> _Task directions_
A precise copy of the data is required, with every picture left out.

> _Data excerpt_
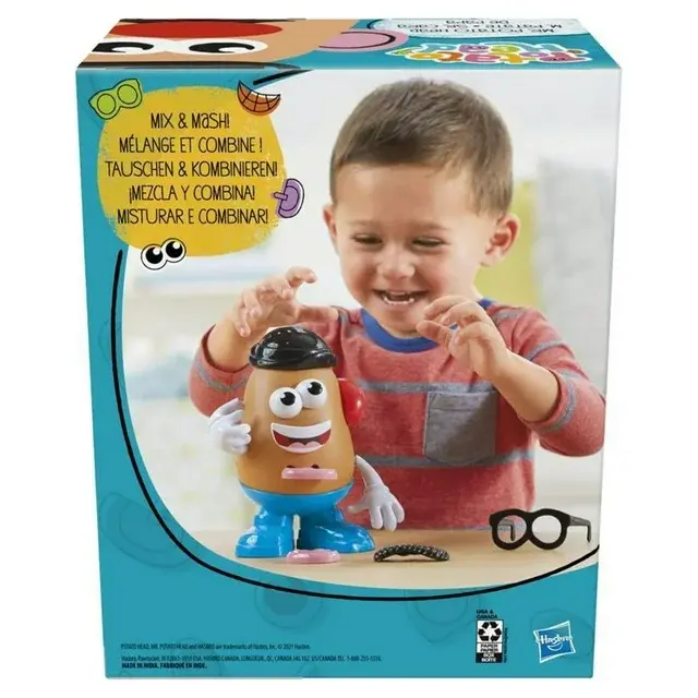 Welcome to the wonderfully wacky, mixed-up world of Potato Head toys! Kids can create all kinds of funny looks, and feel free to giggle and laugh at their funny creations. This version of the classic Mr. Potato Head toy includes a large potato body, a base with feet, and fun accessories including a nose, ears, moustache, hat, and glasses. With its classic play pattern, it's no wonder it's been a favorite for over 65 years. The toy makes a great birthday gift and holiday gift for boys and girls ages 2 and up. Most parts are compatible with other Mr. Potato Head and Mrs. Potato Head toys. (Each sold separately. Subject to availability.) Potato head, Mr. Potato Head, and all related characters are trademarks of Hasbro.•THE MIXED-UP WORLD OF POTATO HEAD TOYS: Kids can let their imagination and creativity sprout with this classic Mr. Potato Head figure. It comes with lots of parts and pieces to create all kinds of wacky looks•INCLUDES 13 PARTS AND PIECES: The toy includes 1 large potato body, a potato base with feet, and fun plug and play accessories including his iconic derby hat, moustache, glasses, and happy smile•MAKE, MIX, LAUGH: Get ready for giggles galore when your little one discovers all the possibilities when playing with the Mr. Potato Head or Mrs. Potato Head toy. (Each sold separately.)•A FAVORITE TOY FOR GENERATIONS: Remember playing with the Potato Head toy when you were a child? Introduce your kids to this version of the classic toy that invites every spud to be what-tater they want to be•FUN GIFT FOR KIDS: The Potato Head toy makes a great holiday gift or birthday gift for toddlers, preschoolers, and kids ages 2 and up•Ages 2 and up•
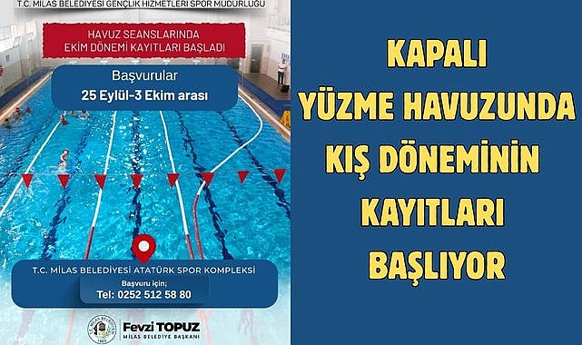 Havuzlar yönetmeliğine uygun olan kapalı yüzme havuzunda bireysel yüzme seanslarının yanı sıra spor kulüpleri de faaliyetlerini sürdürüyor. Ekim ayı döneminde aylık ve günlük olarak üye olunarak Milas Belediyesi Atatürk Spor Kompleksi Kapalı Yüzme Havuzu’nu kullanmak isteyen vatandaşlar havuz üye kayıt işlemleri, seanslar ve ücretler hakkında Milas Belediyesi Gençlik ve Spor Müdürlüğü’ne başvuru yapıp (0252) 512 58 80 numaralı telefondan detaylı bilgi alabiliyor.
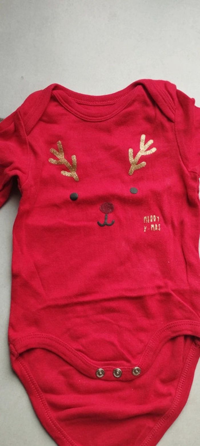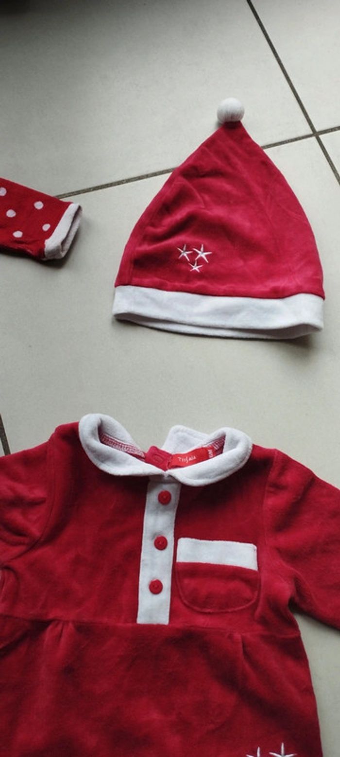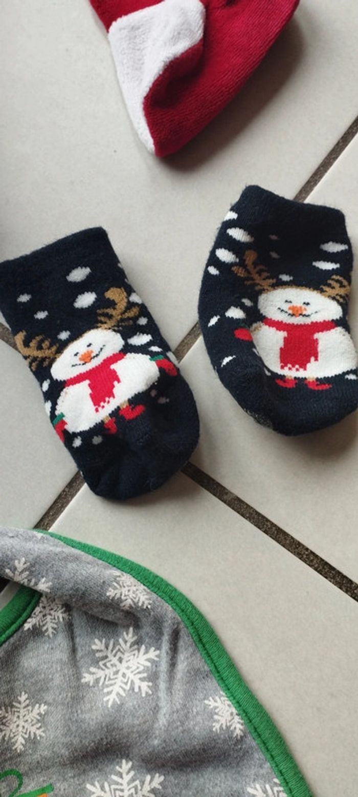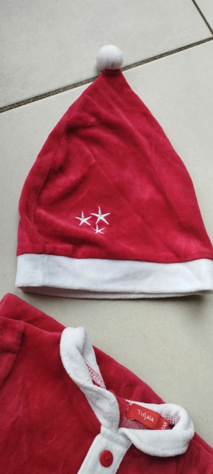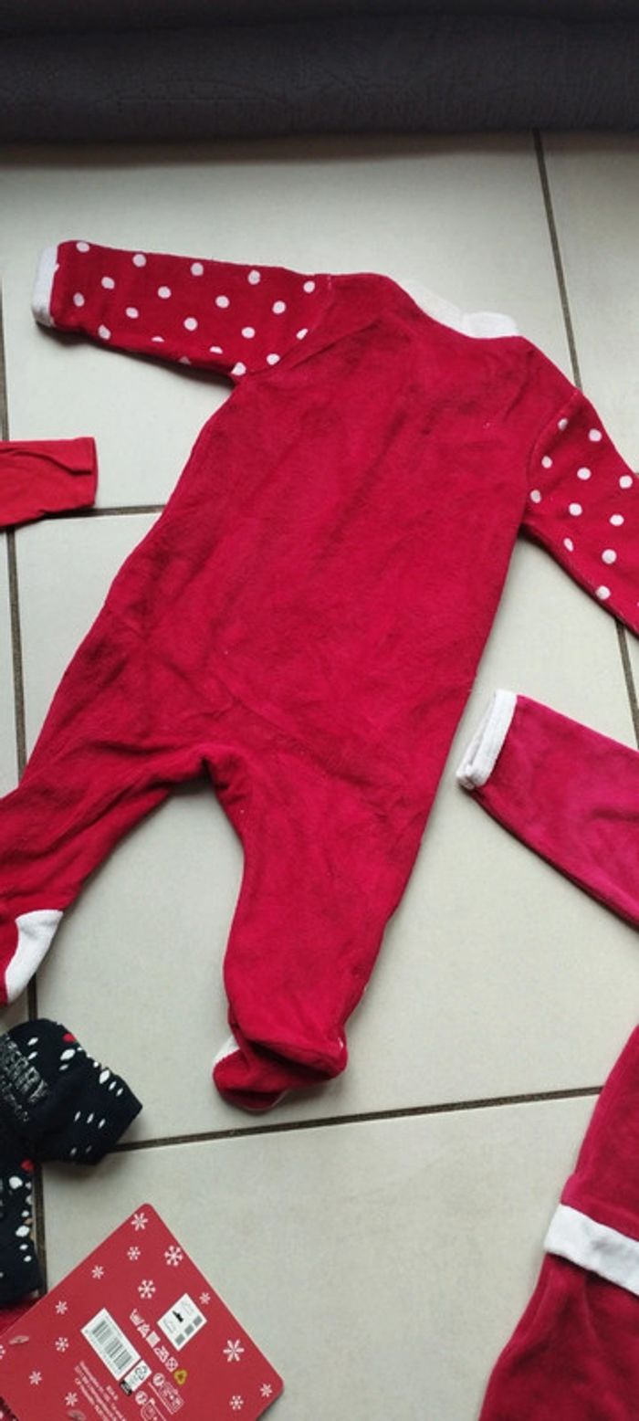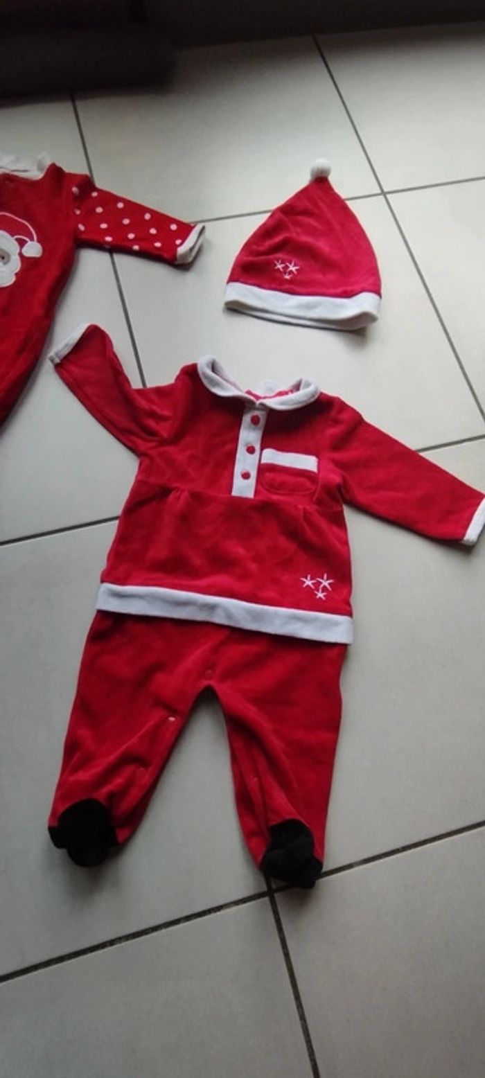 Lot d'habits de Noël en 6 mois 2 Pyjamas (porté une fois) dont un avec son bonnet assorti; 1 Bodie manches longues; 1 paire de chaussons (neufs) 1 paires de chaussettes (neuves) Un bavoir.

> _Expected answer_
 Welcome to the wonderfully wacky, mixed-up world of Potato Head toys! Kids can create all kinds of funny looks, and feel free to giggle and laugh at their funny creations. This version of the classic Mr. Potato Head toy includes a large potato body, a base with feet, and fun accessories including a nose, ears, moustache, hat, and glasses. With its classic play pattern, it's no wonder it's been a favorite for over 65 years. The toy makes a great birthday gift and holiday gift for boys and girls ages 2 and up. Most parts are compatible with other Mr. Potato Head and Mrs. Potato Head toys. (Each sold separately. Subject to availability.) Potato head, Mr. Potato Head, and all related characters are trademarks of Hasbro.•THE MIXED-UP WORLD OF POTATO HEAD TOYS: Kids can let their imagination and creativity sprout with this classic Mr. Potato Head figure. It comes with lots of parts and pieces to create all kinds of wacky looks•INCLUDES 13 PARTS AND PIECES: The toy includes 1 large potato body, a potato base with feet, and fun plug and play accessories including his iconic derby hat, moustache, glasses, and happy smile•MAKE, MIX, LAUGH: Get ready for giggles galore when your little one discovers all the possibilities when playing with the Mr. Potato Head or Mrs. Potato Head toy. (Each sold separately.)•A FAVORITE TOY FOR GENERATIONS: Remember playing with the Potato Head toy when you were a child? Introduce your kids to this version of the classic toy that invites every spud to be what-tater they want to be•FUN GIFT FOR KIDS: The Potato Head toy makes a great holiday gift or birthday gift for toddlers, preschoolers, and kids ages 2 and up•Ages 2 and up•
 Havuzlar yönetmeliğine uygun olan kapalı yüzme havuzunda bireysel yüzme seanslarının yanı sıra spor kulüpleri de faaliyetlerini sürdürüyor. Ekim ayı döneminde aylık ve günlük olarak üye olunarak Milas Belediyesi Atatürk Spor Kompleksi Kapalı Yüzme Havuzu’nu kullanmak isteyen vatandaşlar havuz üye kayıt işlemleri, seanslar ve ücretler hakkında Milas Belediyesi Gençlik ve Spor Müdürlüğü’ne başvuru yapıp (0252) 512 58 80 numaralı telefondan detaylı bilgi alabiliyor.
 Lot d'habits de Noël en 6 mois 2 Pyjamas (porté une fois) dont un avec son bonnet assorti; 1 Bodie manches longues; 1 paire de chaussons (neufs) 1 paires de chaussettes (neuves) Un bavoir.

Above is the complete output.